The records below hold a stretch from the line with "This is exactly" through the line with "添加的牛乳精华与胶原蛋白及透"; return exactly those lines, ends included, and nothing more.
-------- Data to use --------
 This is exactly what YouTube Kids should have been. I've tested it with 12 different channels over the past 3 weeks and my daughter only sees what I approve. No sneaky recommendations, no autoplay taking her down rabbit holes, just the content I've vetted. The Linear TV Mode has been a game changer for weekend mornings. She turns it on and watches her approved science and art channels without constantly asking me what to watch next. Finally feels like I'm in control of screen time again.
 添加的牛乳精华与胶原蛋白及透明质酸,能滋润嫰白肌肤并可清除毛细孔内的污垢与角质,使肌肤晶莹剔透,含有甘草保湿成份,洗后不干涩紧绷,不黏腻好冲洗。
--------
-------- Data to use --------
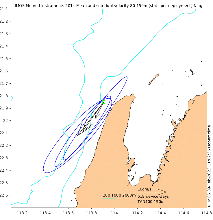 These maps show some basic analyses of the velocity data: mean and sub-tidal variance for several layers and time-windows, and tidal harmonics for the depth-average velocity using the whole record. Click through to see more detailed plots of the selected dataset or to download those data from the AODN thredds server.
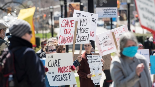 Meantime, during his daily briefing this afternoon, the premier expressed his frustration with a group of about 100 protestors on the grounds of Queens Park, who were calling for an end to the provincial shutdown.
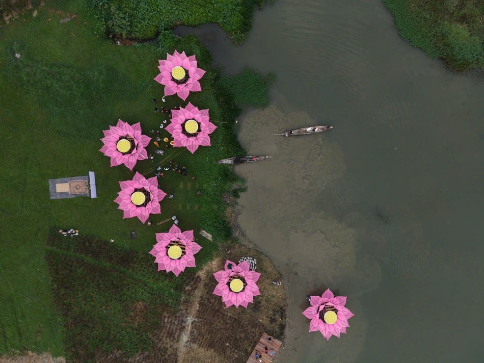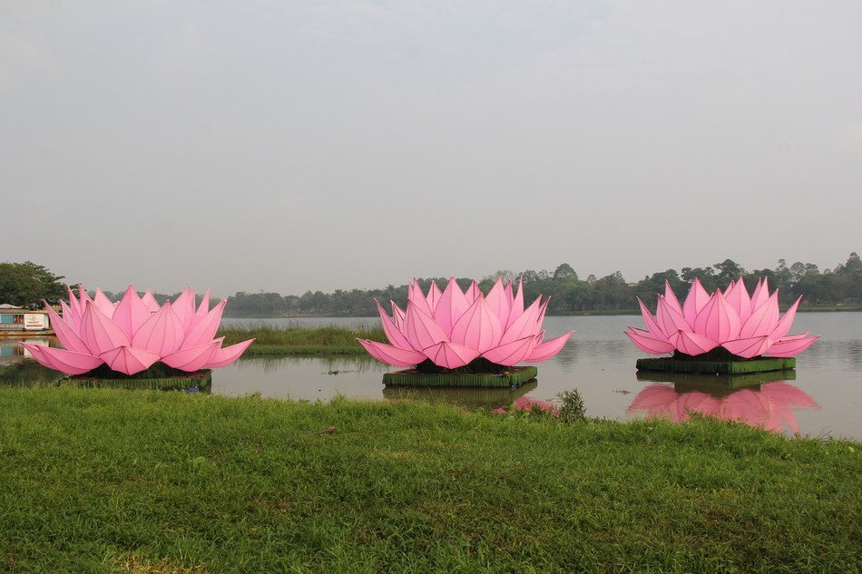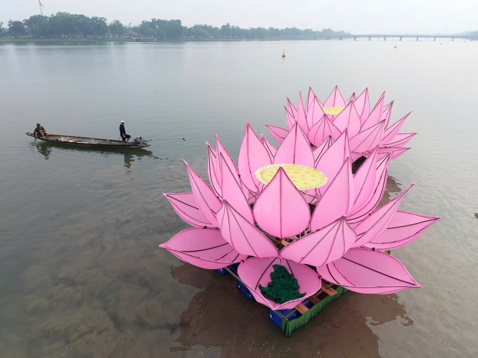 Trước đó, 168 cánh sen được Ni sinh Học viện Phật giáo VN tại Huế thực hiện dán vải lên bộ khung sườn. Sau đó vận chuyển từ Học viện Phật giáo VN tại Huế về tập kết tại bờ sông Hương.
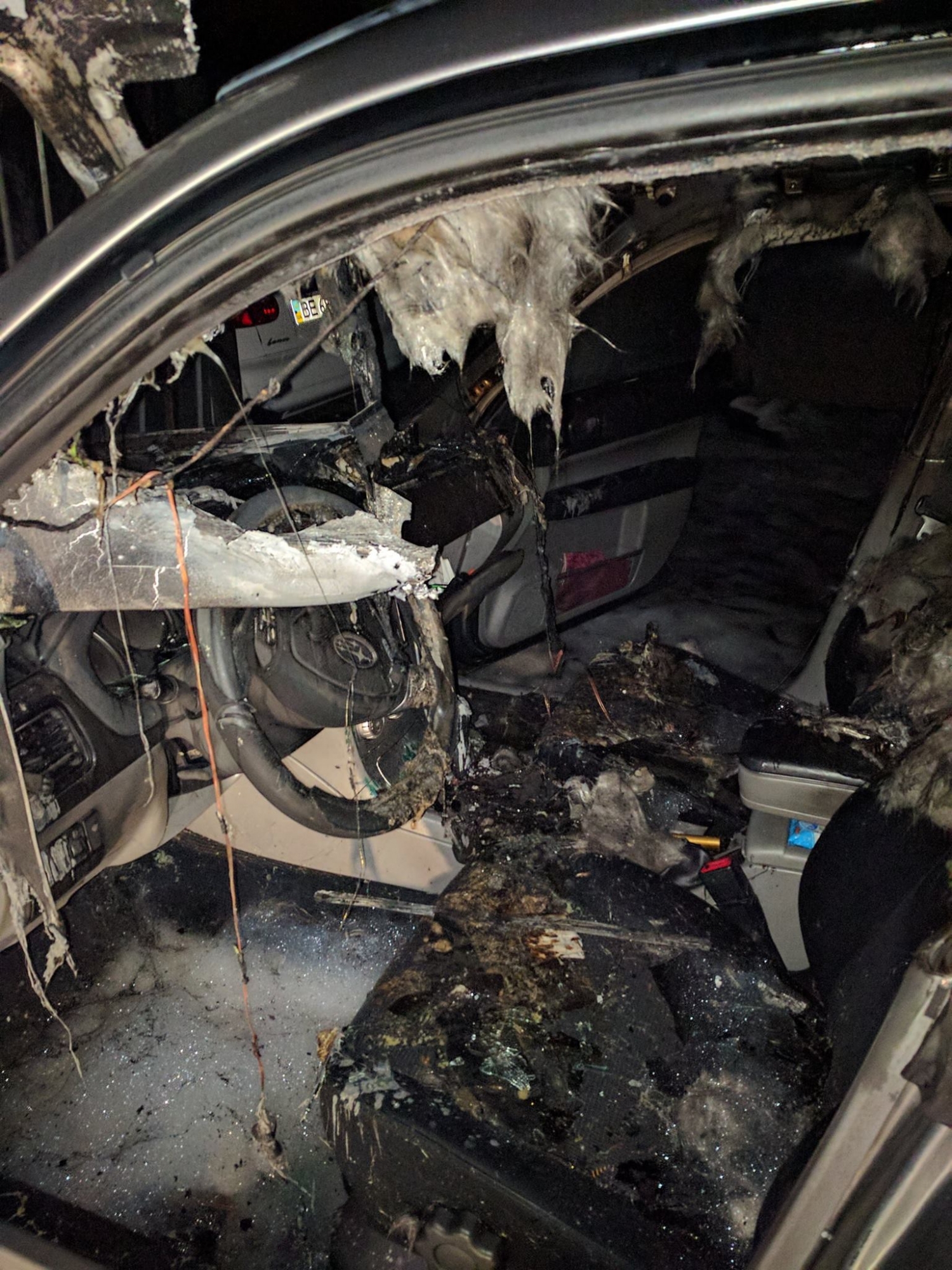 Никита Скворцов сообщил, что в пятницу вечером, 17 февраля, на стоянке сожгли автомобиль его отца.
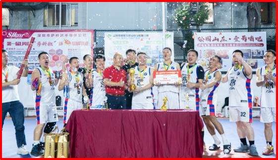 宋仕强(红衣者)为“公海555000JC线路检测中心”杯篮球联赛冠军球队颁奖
--------
» **Answer to the exercise**
 This is exactly what YouTube Kids should have been. I've tested it with 12 different channels over the past 3 weeks and my daughter only sees what I approve. No sneaky recommendations, no autoplay taking her down rabbit holes, just the content I've vetted. The Linear TV Mode has been a game changer for weekend mornings. She turns it on and watches her approved science and art channels without constantly asking me what to watch next. Finally feels like I'm in control of screen time again.
 添加的牛乳精华与胶原蛋白及透明质酸,能滋润嫰白肌肤并可清除毛细孔内的污垢与角质,使肌肤晶莹剔透,含有甘草保湿成份,洗后不干涩紧绷,不黏腻好冲洗。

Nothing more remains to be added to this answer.